_About this task:_ Leaving out the pictures, return word for word the stretch of entries below from the line holding "習(xí)近平總書(shū)" through the line holding "The protagonist of".

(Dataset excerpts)
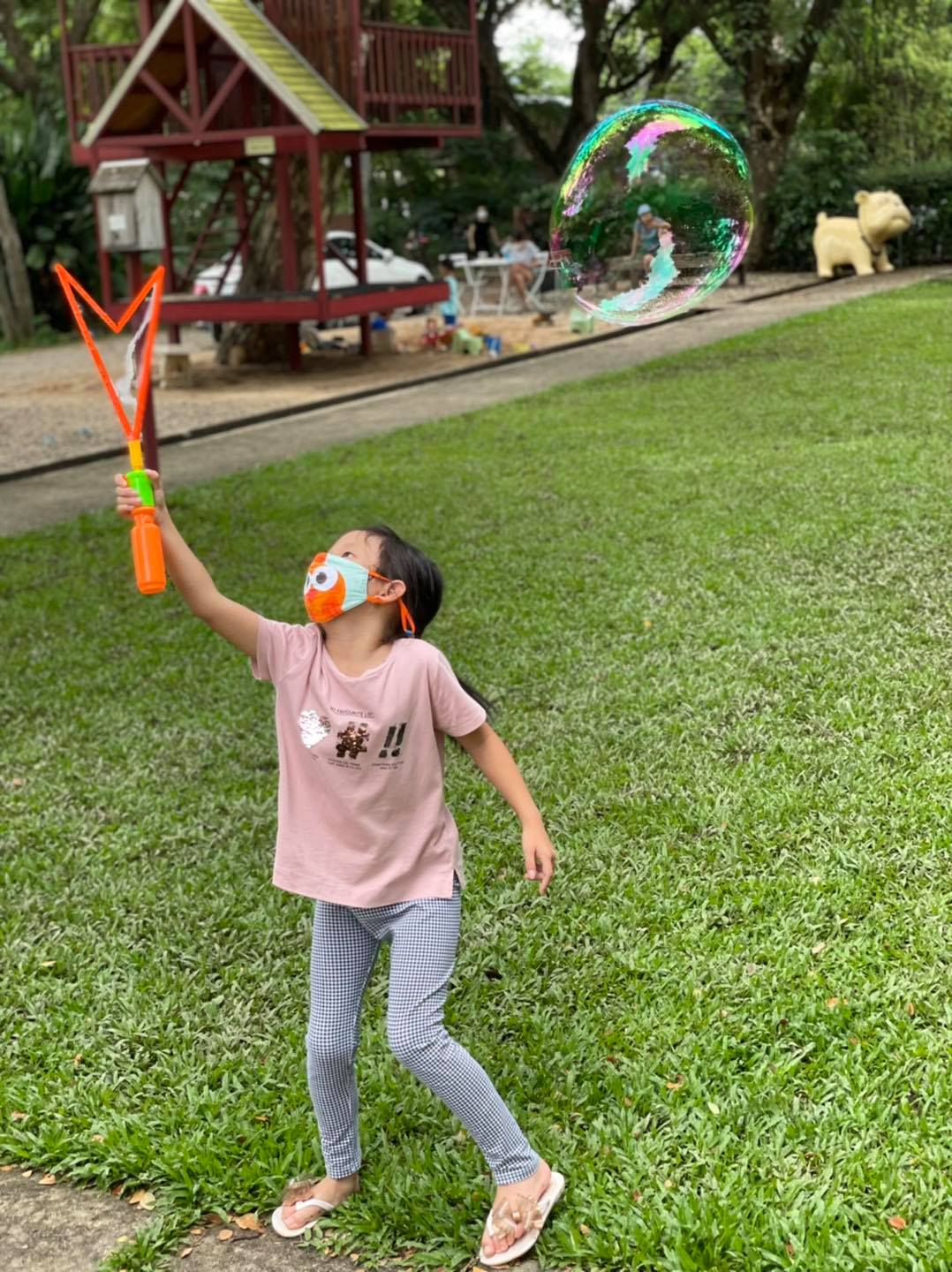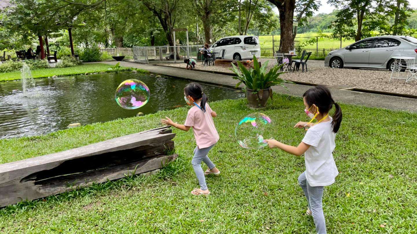 แถมมีไม้แบดให้บริการด้วย บ้านต้นไม้ ชิงช้า กองทราย กระต่าย น้องหมา และมีสระน้ำที่มีปลาคราฟที่พยายามกระโดดมาอยู่บนดิน
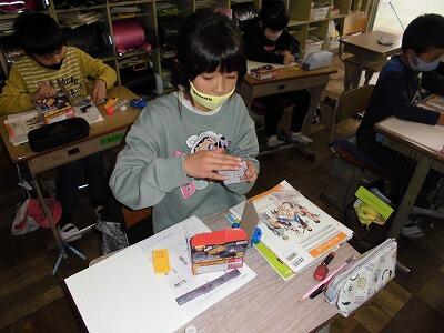 図工の作品作りの様子です。創造力を膨らませ、いろいろな工夫をしながら作品づくりにチャレンジしています。
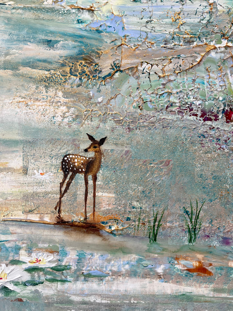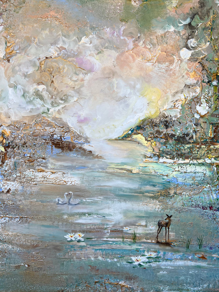 Spring Morning has a very harmonious feeling and I have used bright and calm colors with light brushstrokes to create that kind of atmosphere. To put a lot of effort into the light source and to truly give this painting depth has been an important part of the painting process.
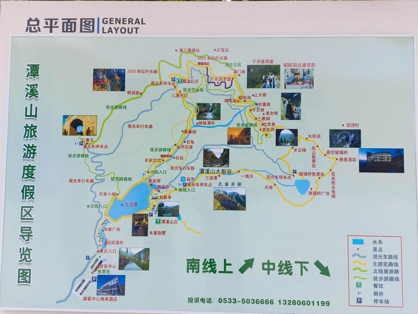 旅游南線:全程約3小時(shí),以山水景觀、奇石怪峽和豐富的人文景觀為特色,主要景點(diǎn)有: 潭溪山大瀑布、如意廣場(chǎng)、九龍?zhí)、自醉亭、潛龍洞、逍遙橋、石臼、石壩、滄桑石屋、孔雀開屏、潭溪山大裂谷、三連潭、太子石像、一線天、較量、兄弟瀑布、石祖(生命之根)、步云梯、王小洞、百米觀光電梯、高空玻璃橋、洞頂村、星洞傳說、水簾洞、龍鳳臺(tái)、美女峰、美女洞、九龍擁翠、飲虎泉、三教祠(昭陽南洞)、仙人橋(下天橋)、甘露泉、通天洞(生命之源)、上天橋、昭陽洞(昭陽洞北洞)、將軍祠、試劍峰、高門洞、千米速滑道、空中玻璃漂流、兒童樂園,乘坐觀光車或沿旅游中線步行下山。
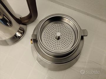 Caffettiera in acciaio inox 18/10 lucido - con beccuccio anti goccia - riduttore per filtro - chiusura -apertura a baionetta - Designer Richard Sapper per Alessi - altezza cm 20,5 - mai usata - senza scatola
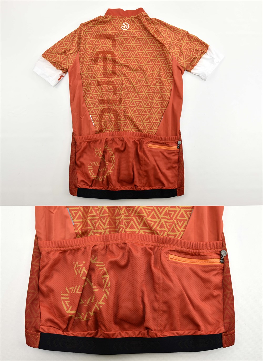 ・三角の文様が織りなす、和柄テイストなデザインが特徴で、背中のブランドロゴは浮き上がるような見せ方でさりげなく主張しています。
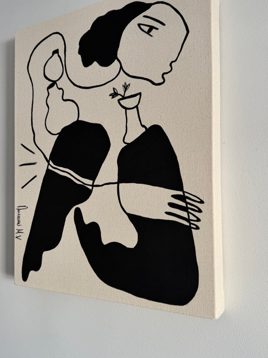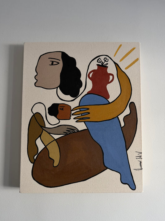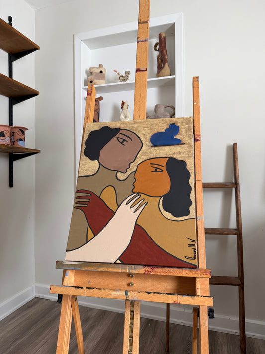 My work explores human connection, identity, and care through bold,abstracted forms and warm, earthy palettes. Each piece reflects a story of tenderness and strength, rooted in cultural memory and personal narrative.
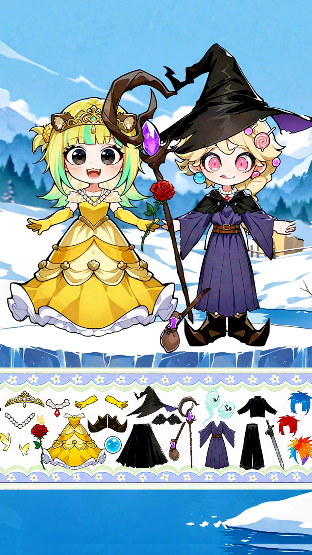 1、采用夸张的线条、饱满的色彩与萌系表情设计,角色形象可爱生动,场景充满动漫奇幻色彩;
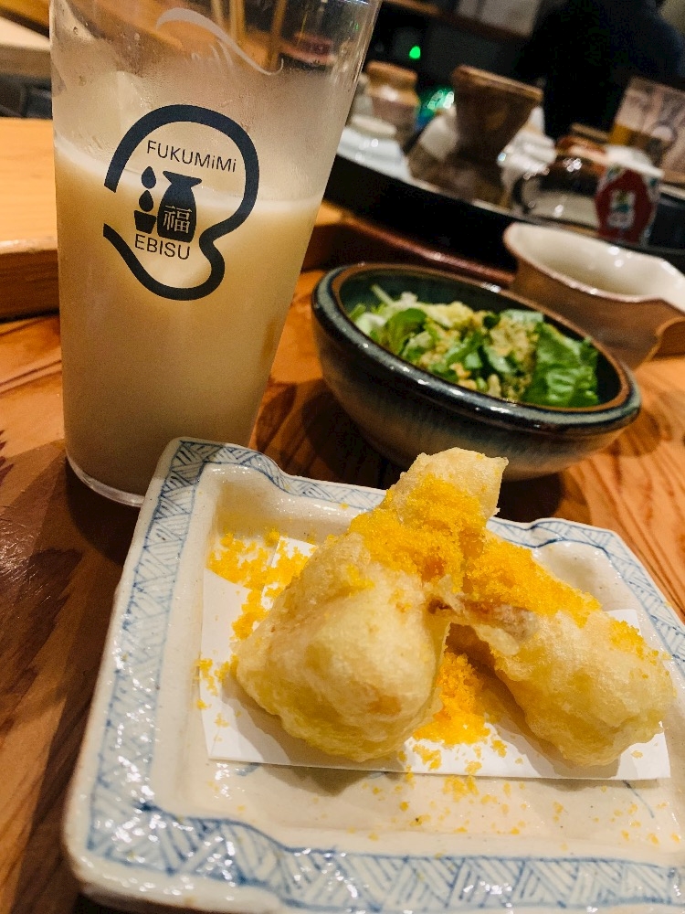 たけのこの天ぷらにカラスミかかってるやつ🥺
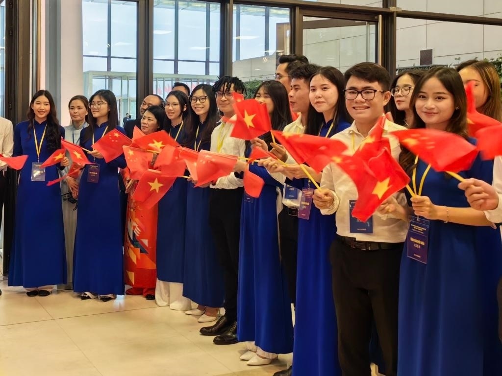 習(xí)近平總書(shū)記和夫人彭麗媛抵達(dá)國(guó)家會(huì)議中心時(shí),受到越方青年代表熱烈歡迎。
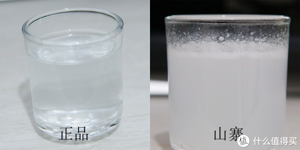 ▲我们取少量膏体放入小杯中,倒入热水并搅拌使其融化,差别十分明显。正品膏体会迅速并完全融化掉,不会留下任何杂质,水的透明度会稍微降低一点,倒掉之后杯子很干净。而山寨版就有点恶心了,山寨膏体搅拌融化后,水质立刻浑浊不堪,并且还有许多细小的杂质沉淀,水面上漂浮着大量细小泡沫,将其倒掉之后,杯子上还残留有鼻涕一样的黏糊胶体。
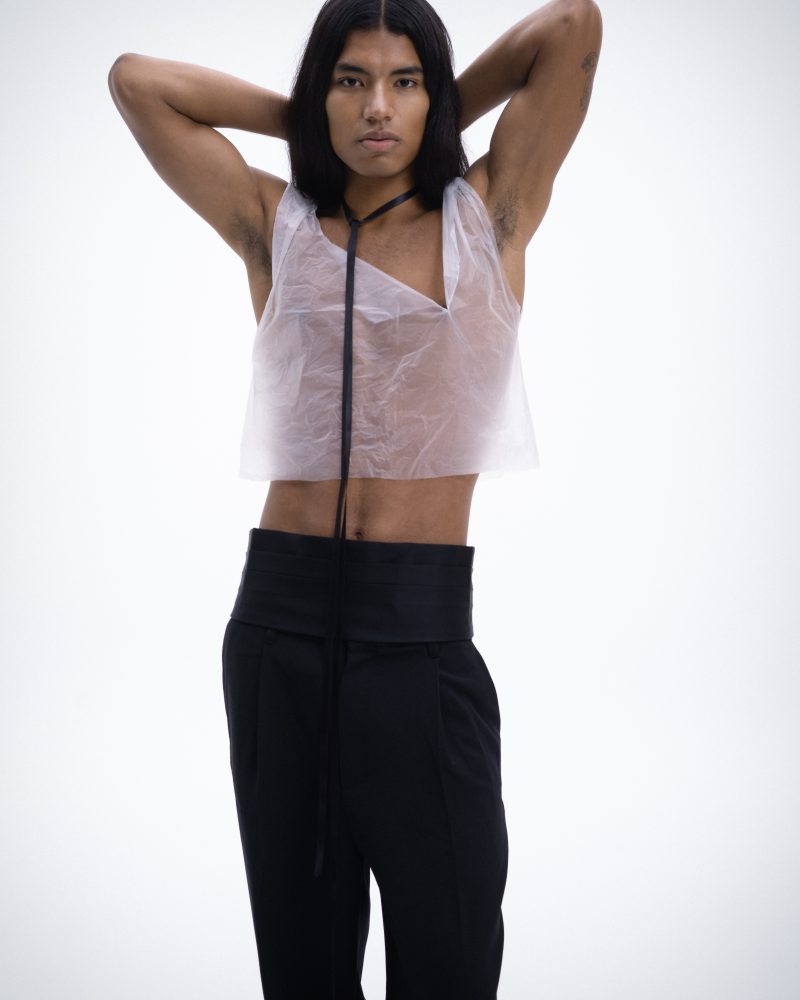The protagonist of the story is Yordi Santiago Garavaglio, whose presence appears natural and authentic. In the various poses, the model does not interpret a character, but simply inhabits the space. His every movement seems to spring from an inner thought, offering an image of himself that is confident and calm.
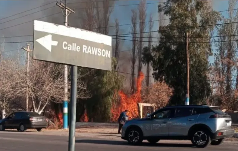 Un incendio de gran magnitud afectó una zona de pastizales en el departamento Albardón. El fuego se desató en la siesta de este miércoles en la intersección de Ruta 40 y calle Rawson, un sector con viviendas cercanas y alto tránsito.
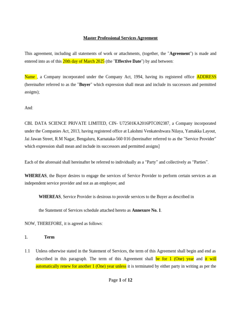 ‘Termination’ clause in this agreement. Beyond the renewal of 1 (One) year, the Agreement shall be
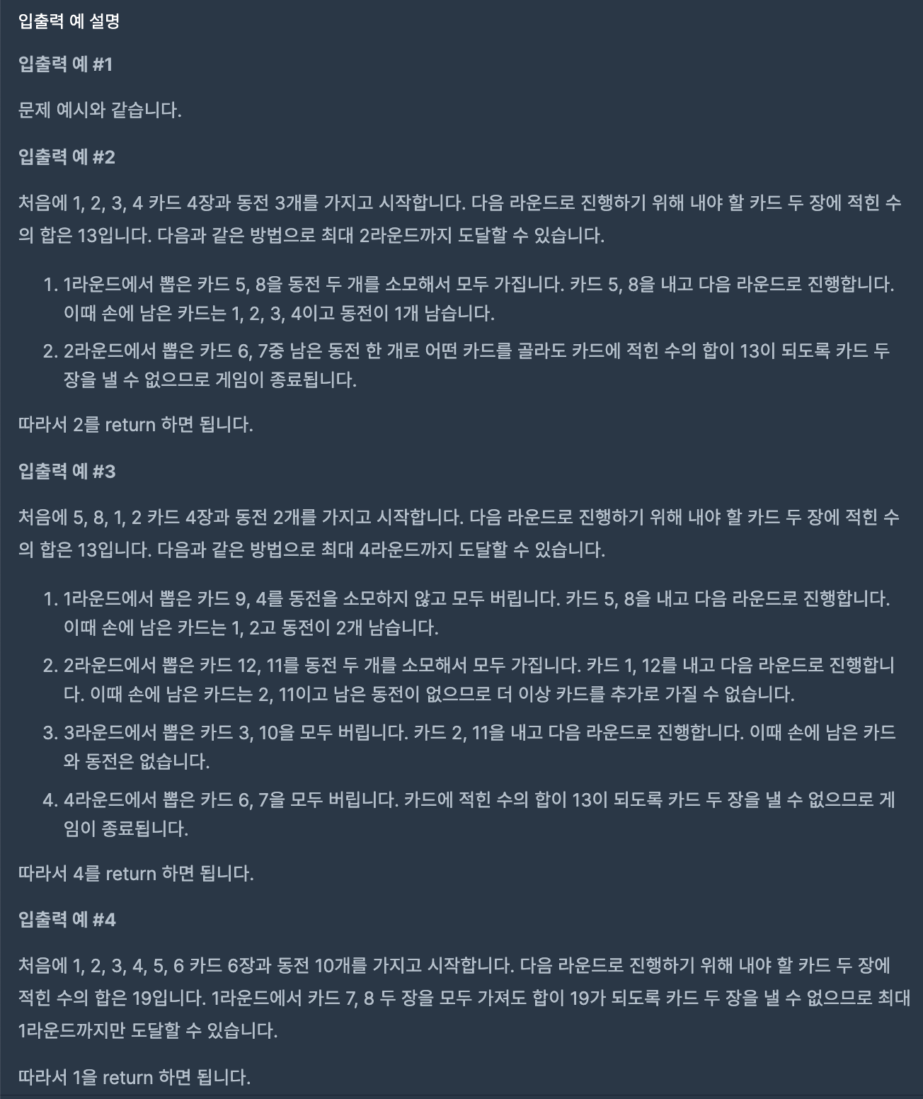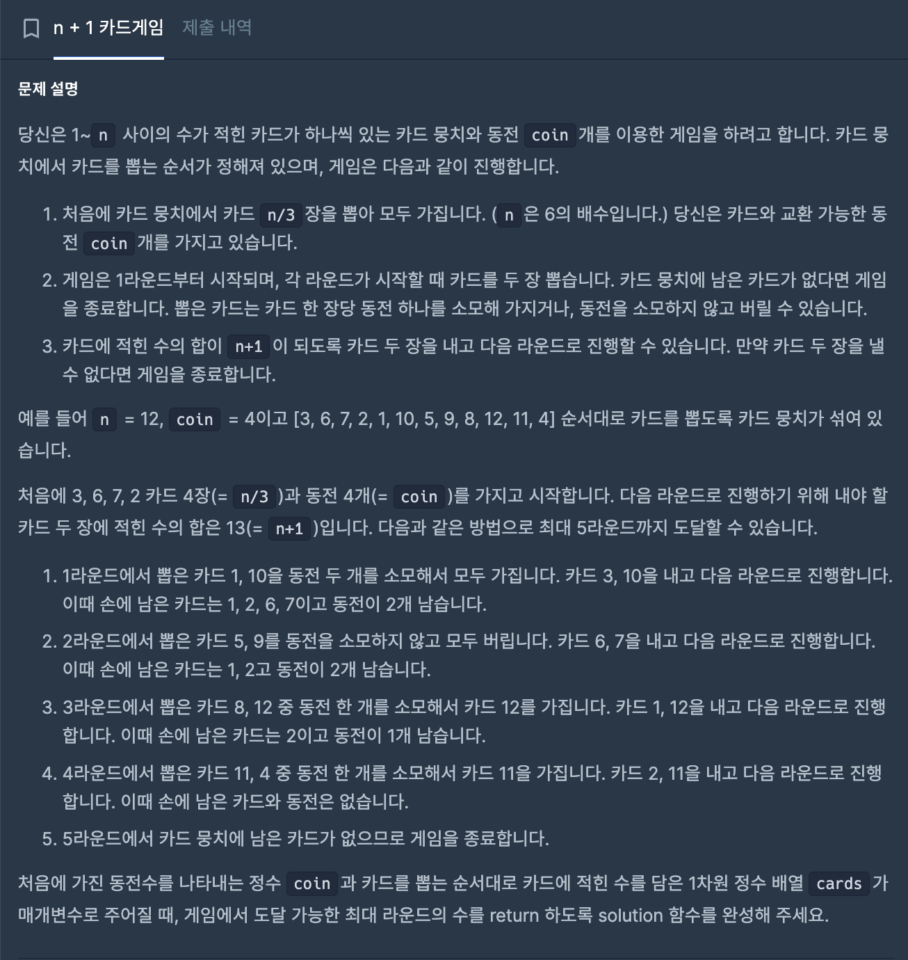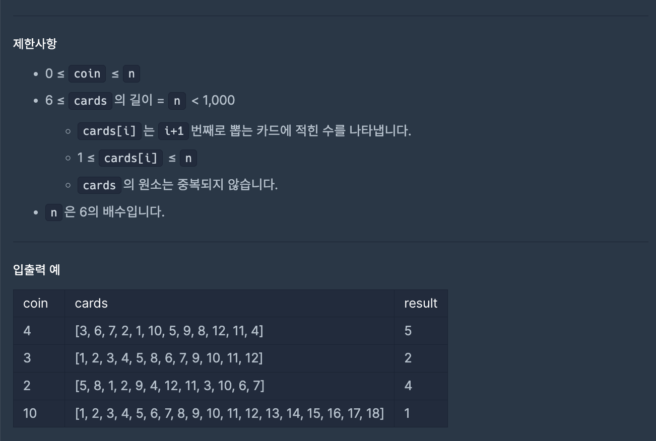https://school.programmers.co.kr/learn/courses/30/lessons/258707처음에 가진 동전수를 나타내는 정수 coin카드를 뽑는 순서대로 카드에 적힌 수를 담은 1차원 정수 배열 cards게임에서 도달 가능한 최대 라운

_Your solution:_
 習(xí)近平總書(shū)記和夫人彭麗媛抵達(dá)國(guó)家會(huì)議中心時(shí),受到越方青年代表熱烈歡迎。
 ▲我们取少量膏体放入小杯中,倒入热水并搅拌使其融化,差别十分明显。正品膏体会迅速并完全融化掉,不会留下任何杂质,水的透明度会稍微降低一点,倒掉之后杯子很干净。而山寨版就有点恶心了,山寨膏体搅拌融化后,水质立刻浑浊不堪,并且还有许多细小的杂质沉淀,水面上漂浮着大量细小泡沫,将其倒掉之后,杯子上还残留有鼻涕一样的黏糊胶体。
The protagonist of the story is Yordi Santiago Garavaglio, whose presence appears natural and authentic. In the various poses, the model does not interpret a character, but simply inhabits the space. His every movement seems to spring from an inner thought, offering an image of himself that is confident and calm.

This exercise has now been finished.